Ducklings

This morning we hit -20F. Our little adobe house isn’t meant for these temperatures, but we’ve gotten by just fine.

I find myself worrying about the birds and the wild animals.

It’s silly, I know. I should worry about the homeless people. About the poor living in poorly heated places and the kids going to school with too-thin jackets. But I have this thing where I fret about the animals. I wonder how the birds make it through the night and I’m relieved to see them in the morning, puffed up with indignation against the cold, clustering around the feeder. They know how to make it through the night.

It’s not like I can do anything to save them anyway.

Another feature of the Las Vegas strip are the rows of people handing out the little cards advertising the hookers.
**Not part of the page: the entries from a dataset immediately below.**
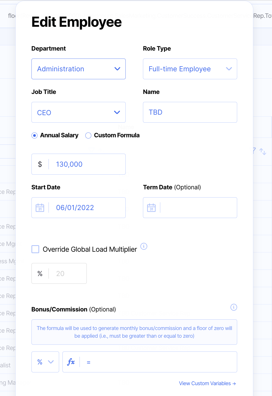 Click "Edit Employee" and then fill in the fields you are editing, then click save. The Edit Employee pop-up will look like the image below: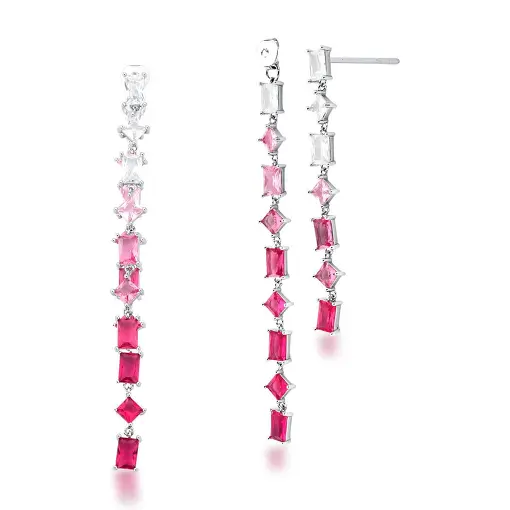 0212188 - BRINCO DE CORAÇÃO COM ZIRCÔNIAS ROSAS PRATA RODINADA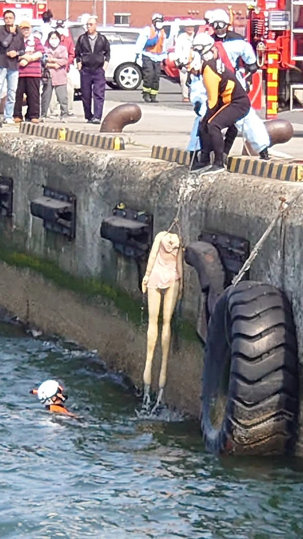 Hình ảnh cho thấy đám đông vây kín, bàng hoàng chứng kiến và theo dõi sự việc khủng khiếp. Tuy nhiên, khi cảnh sát vớt được nạn nhân từ dưới nước lên, ai nấy đều không thể chưng hửng hơn khi nhận ra đó không phải người mà là một con búp bê tình dục.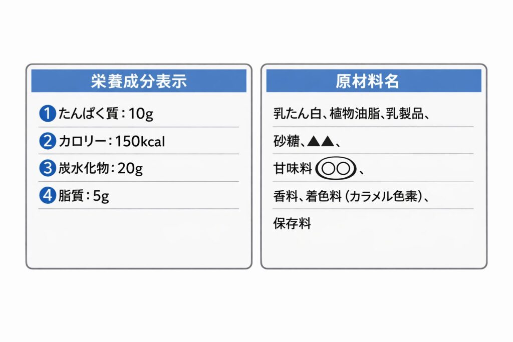 最初に見るのは「1回分で、たんぱく質がどれだけ入るか」。次に「目的に関係する数字(カロリー・糖質・脂質)」。最後に「避けたい原材料があるか」です(根拠の考え方は厚生労働省の食事摂取基準の整理が参考になります:厚生労働省)。

They have this technique where they pop the cards against each other, making loud clicks that draw your attention and they hand you the card. You have to get good at tuning out the sound – and the row of dour-faced men offering the cards – or you never get anywhere.

They mostly tried to hand them to David, though they’d give ’em to me, too, if I let them. As we walked down by the Mirage, enjoying the warm sunshine, I asked David what was on the cards. I’d so carefully not looked at them, that I then wondered. Pictures of girls, he told me.

We stopped by the fountains at the Mirage to admire the many kinds of palm trees in their landscaping. What? We like palm trees. Paddling around in the water was a duck and two very new ducklings. David was surprised they’d hatched in January. Some tourist guys tossed bread at the ducks, laughing as the little things tried to gobble the stuff down.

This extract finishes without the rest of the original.